Jim Terrier (Sean Penn) ufficialmente lavora in Congo come agente di sicurezza per una delle tante ONG che si occupano di aiutare le popolazioni in difficoltà.
In realtà però si occupa anche di ben altro.
E', infatti, un killer al soldo di una multinazionale che ha tutto l'interesse perché la situazione politica del luogo resti immutata. Quando gli viene ordinato di uccidere un politico locale, Jim è costretto a lasciare il Congo immediatamente dopo la missione, senza neanche avere la possibilità di salutare Annie (Jasmine Trinca), la donna che ama.
Passano otto anni ma il passato di Jim è difficile da dimenticare e, quando sopravvive quasi per miracolo ad un attentato evidentemente orchestrato per eliminarlo, è costretto a tornare in azione per scoprire di chi sia la mano che lo vuole morto.
Si muoverà in lungo e in largo per l'Europa, trovando sul suo cammino vecchie conoscenze dai trascorsi non proprio immacolati, ex compagni dalla morale piuttosto discutibile e qualcuno ancora disposto a credere in lui.
E forse anche una nuova possibilità con la donna che non ha mai dimenticato.
E' un senso di fastidio misto a pietà quello che avvolge l'improvvido spettatore che dovesse aver commesso l'errore di approcciare questo The Gunman.
Fastidio innanzitutto per un budget così importante (40 milioni di dollari) scialacquato in location certo suggestive, ma che nulla possono di fronte al vuoto pneumatico di una sceneggiatura che eredita dagli anni Ottanta tutti i peggiori cliché del revenge movie à la Tony Scott facendosene addirittura un vanto.

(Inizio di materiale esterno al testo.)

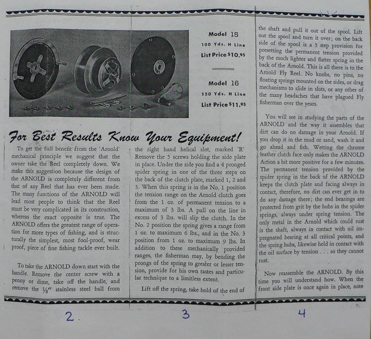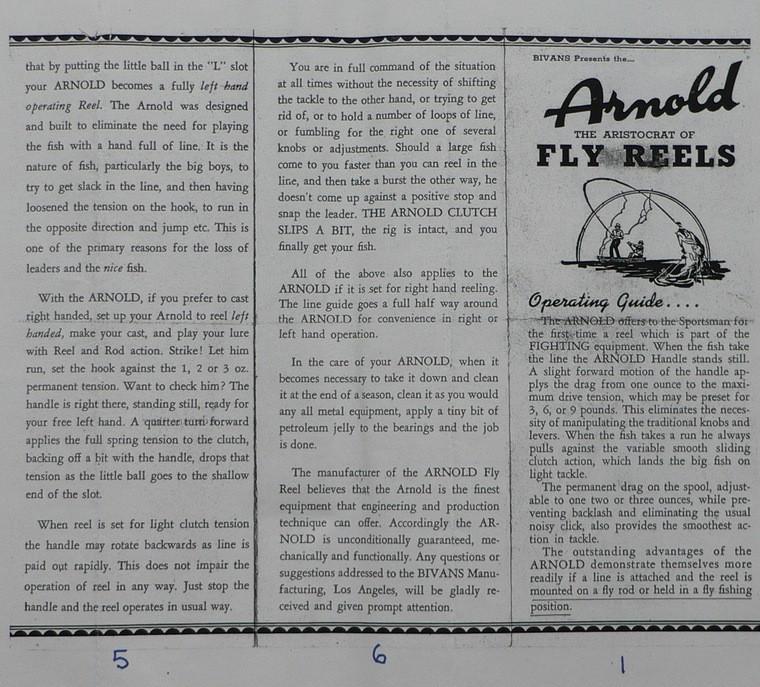 For sale here is a vintage "Arnold" fly reel by Bivans Mfg. Made in Los Angeles, Ca. Produced in the 60's and 70's, the Arnold reel is a neat piece from fly fishing history. The reel is in excellent condition with only minor signs of handling. The Arnold reel features anti-reverse handle, LHW or RHW, and is quite durable. The reel had many capabilities that were fairly advanced for it's day. Included in the pictures are scans of the original manual, these help a great deal in letting the owner understand and appreciate how this classic reel works. Line weight: 5-7wt. Reel weighs 7.30 oz. Diameter 3 1/4"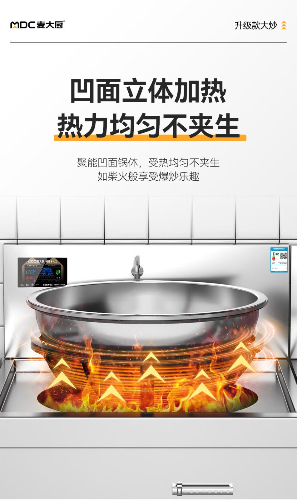 麥大廚單位食堂大炒爐電磁爐升級款12KW單頭工廠餐廳商用大炒鍋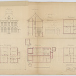 Drager: papier Techniek: pen, opgehoogd met aquarel, aangehechte kalk met potloodschets van voorgevel Afmetingen (h x b in mm): 618 x 495 mm Schaal: 1/100
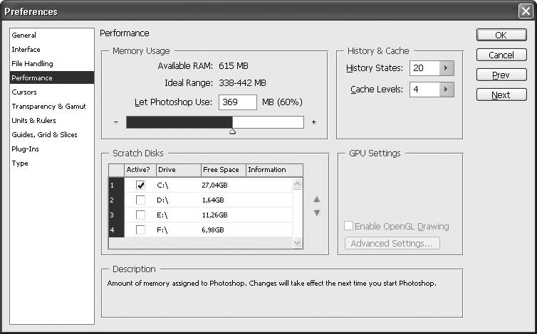 Обратите внимание и на полеHistory States (Шаги истории). С помощью палитрыHistory (История) можно отменять несколько последних операций. Увеличение значенияHistory States (Шаги истории) сделает работу более комфортной, но потребует дополнительных затрат оперативной памяти. Если вы замечаете, что компьютер начинает «притормаживать» при долгом редактировании одного изображения, уменьшите количество шагов истории.
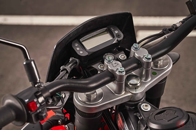 現在では希少な存在である125ccクラスのモタードモデル「SX125」は、全長2055mm /全幅820mm /全高1140mmというサイズとなっていますが、250ccのモタードモデル、ホンダ「CRF250M」(全長2125mm /全幅815mm /全高1150mm)と比較しても分かるように、同モデルは125ccクラスでありながらワンランク上の車格が与えられています。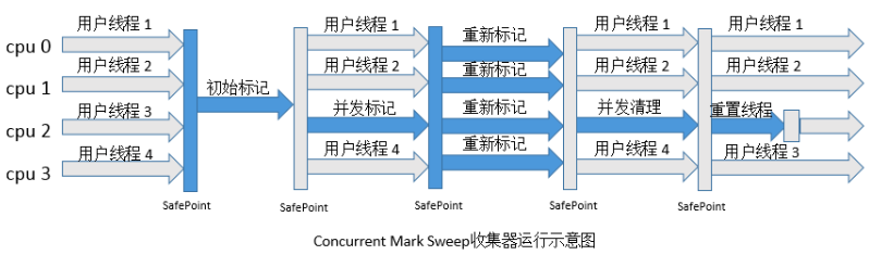 CMS(Conrrurent Mark Sweep)收集器是以获取最短回收停顿时间为目标的收集器。使用标记 - 清除算法,收集过程分为如下四步: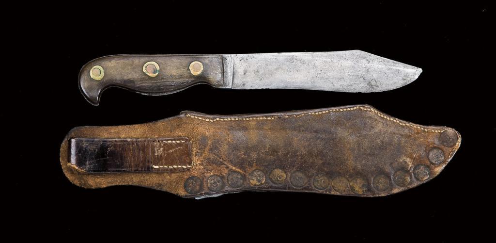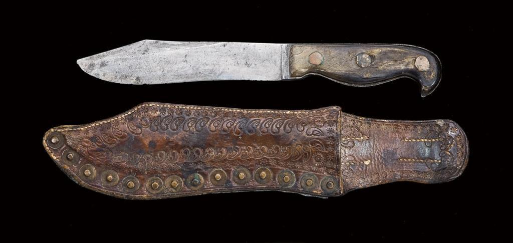 Unmarked, hand-made skinning knife in the California style. Approx. 10-5/8” overall, 6-1/8” clip blade, made from 1/4” stock. Clip blade with a round false edge. The birds-head hilt has horned scales with three brass and copper rivets. The tang tapers from the ricasso to the pommel. Blade has been sharpened significantly with minor nicks to the blade edge and slightly tipped. Overall aged patina with spots of light pitting. Significant wear and flaking to the horned scales. With original period tooled-leather sheath with brass harness rivets and belt loop. This knife has a great deal of character. Hugh Hayes Collection. Est: $3,000 - $6,000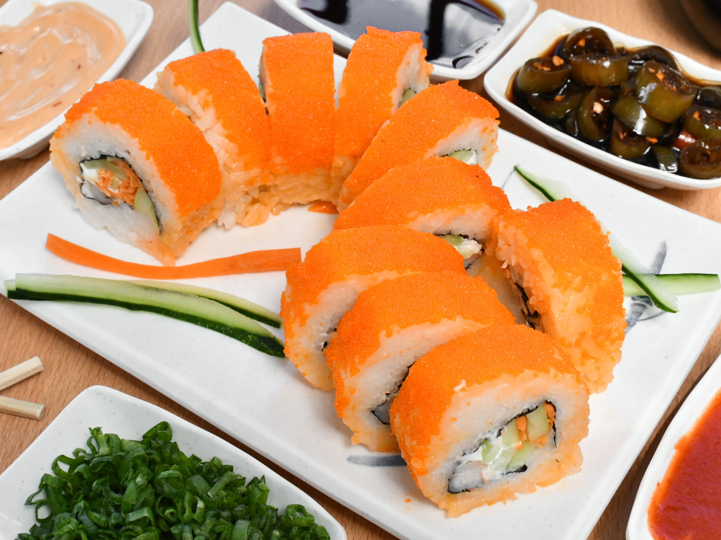 Philadelphia, aguacate, pepino y zanahoria por dentro, masago por fuera.
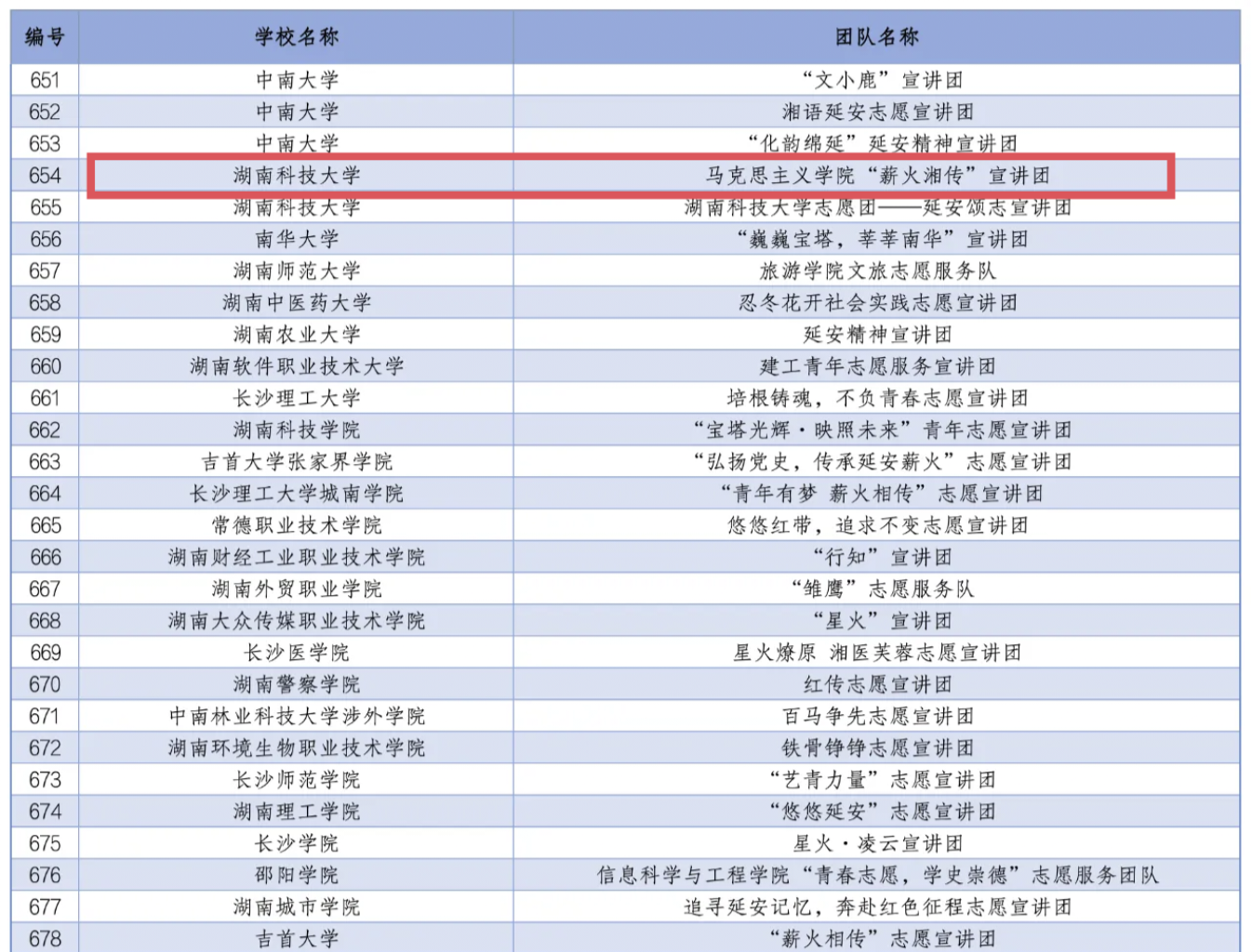 ▲2024年全国老员工井冈山精神志愿宣讲团入选团队名单(截图)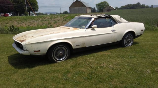 1972 Ford Mustang convertible, V8 automati, front disc brake, Factory AC . Doors and hood are usable. Car does not run. Car does roll. Car had been in indoor storage past 20 years. Door panels are cracke, Dash is cracked, windshield is cracked floors are Rusty. Typical rust around the rear wheels. Pretty much a complete car.------- please note car does not have titl, will be sold with bill of sale only.----- please,only bid if you have an eBay history and have the ability to make Paypal payment. $200 paypall deposit due at end of auction. balance in cash on pick up within 30 days.Any questions call or text 610-349-0048. Car is located about an hour north of Philadelphia.

Per quanto il regista, Pierre Morel, una riguardata a L'ultimo boyscout prima di mettere mano a questo obbrobrio, avrebbe potuto anche darla.
Fastidio per un cast stratosferico usato come peggio non si poteva, con Bardem che fa il matto a comando e Idris Elba costretto a recitare come se fosse stato prelevato di peso da una qualsiasi puntata di Luther.

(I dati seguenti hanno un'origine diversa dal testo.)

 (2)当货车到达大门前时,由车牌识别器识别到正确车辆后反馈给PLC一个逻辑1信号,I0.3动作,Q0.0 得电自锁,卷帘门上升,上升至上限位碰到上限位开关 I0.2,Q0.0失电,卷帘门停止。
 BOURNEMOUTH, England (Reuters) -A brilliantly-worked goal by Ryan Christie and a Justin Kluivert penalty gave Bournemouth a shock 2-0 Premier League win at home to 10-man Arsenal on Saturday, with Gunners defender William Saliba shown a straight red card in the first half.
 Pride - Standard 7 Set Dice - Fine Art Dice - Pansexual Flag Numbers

Fa eccezione giusto Ray Winstone, sempre perfetto quando c'è bisogno di un criminale acciaccato dalla vita, ma il valore aggiunto della sua presenza è letteralmente azzerato da quella, davvero priva di senso, di una Jasmine Trinca spaesata e per niente suo agio neanche da un punto di vista linguistico.
Poi c'è il fastidio peggiore ed è quello relativo alla scelta di coinvolgere in questo disastro uno dei capolavori massimi del moderno noir francese, quel Posizione di tiro di Jean-Patrick Manchette ingiustamente tirato in ballo come matrice letteraria di The Gunman, laddove la parentela tra le due opere si limita giusto al cognome del protagonista e a una linea narrativa che è comunque identica a qualsiasi altra storia che ruoti attorno a uno stanco antieroe incastrato dai suoi stessi complici e quindi, giustamente, desideroso di vendetta.

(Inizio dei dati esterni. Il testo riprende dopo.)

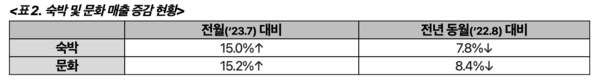 <표 2>에 따르면 무더위를 피하고 휴식을 즐길 수 있는 숙박 매출은 전월 대비 15% 상승했다. 또한 학기 시작 전 남은 방학을 즐기기 위해 영화관, 공연장을 찾는 고객 증가 등으로 인해 문화 매출이 전월 대비 15.2% 증가한 것으로 분석됐다.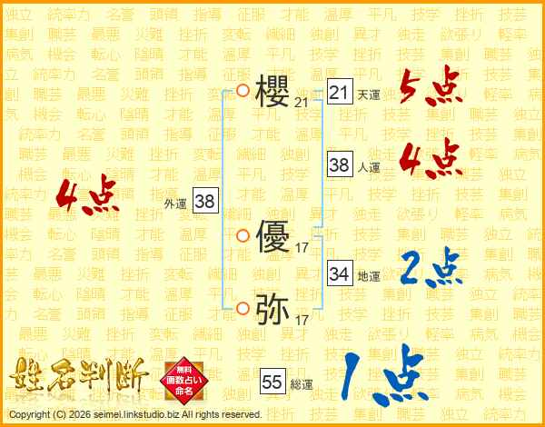 櫻(21画) 優(17画)弥(17画)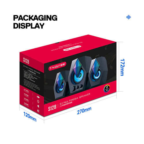 Loa T-Wolf S128 là một bộ loa 2.1 với một loa siêu trầm 5W và hai loa vệ tinh 3Wx2. Bộ loa này còn được trang bị tính năng đèn LED tạo hiệu ứng ánh sáng độc đáo, mang lại một không gian nghe nhạc thú vị.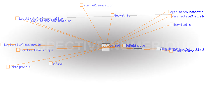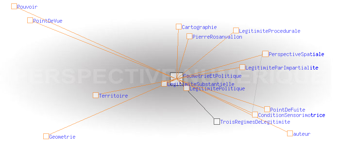 Le régime de légitimité spatial Géométrie et politiqueUn tableau peut être considéré comme répondant aux canons de la perspective spatiale dans la mesure où il donne le sentiment à ses spectateurs qu'ils peuvent idéalement emprunter le point de vue du peintre. En d’autres termes, l'observateur doit pouvoir vérifier d'un seul coup d'oeil que la taille des personnages et les objets est fonction de leur éloignement du point de vue, et qu'un point de fuite homologue de l'oeil de l’auteur organise les fuyantes de manière cohérente. En matière de cartographie, c'est la conformité géométrique de la carte au territoire qui doit pouvoir être vérifiée par l'expérience du terrain. La condition pour que la carte devienne le support des projections et des actions collectives est donc d’ordre sensorimotrice. Pour effectuer la traduction en terme de légitimité politique, il faut remplacer le «peintre» par le «Prince». A savoir que ce dernier doit donner le sentiment à ses sujets que chacun d'eux, se substituant idéalement à lui, effectuerait les mêmes constats, hiérarchiserait les sujets de la même manière, et prendrait les mêmes décisions. Chacun doit aussi pouvoir vérifier qu'il est traité de façon cohérente avec son point de vue et que personne n'échappe à ce traitement, y compris le Prince lui-même. Ces conditions de légitimité quasi géométriques peuvent s’exprimer en termes plus politiques en utilisant la typologie proposée par Pierre Rosanvallon. Selon lui, il existerait trois types de légitimité: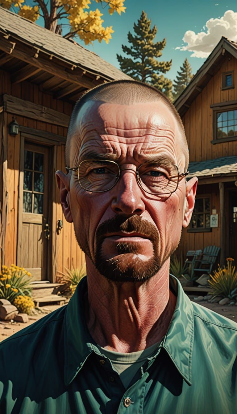 This image depicts Walter White, a drug dealer from Breaking Bad, concealing himself in a cottage to evade law enforcement. Rendered in a hyperrealistic, splash art style with intricate detail and dramatic lighting.

Qualora qualcuno, arrivato a questo punto della lettura, si stesse chiedendo il motivo per cui nulla sia ancora stato detto su Sean Penn, sappia che la seconda parte di questa recensione è quasi interamente dedicata a lui.
Ed è qui che entra in gioco la sensazione di pietà di cui si parlava all'inizio, intesa però più come pietas che non come vera e propria pena.
Perché è davvero un mistero cosa possa aver spinto un attore due volte premio Oscar, dotato della sensibilità artistica di Sean Penn, a lasciarsi coinvolgere non solo come attore, ma come produttore esecutivo e addirittura anche in sede di sceneggiatura.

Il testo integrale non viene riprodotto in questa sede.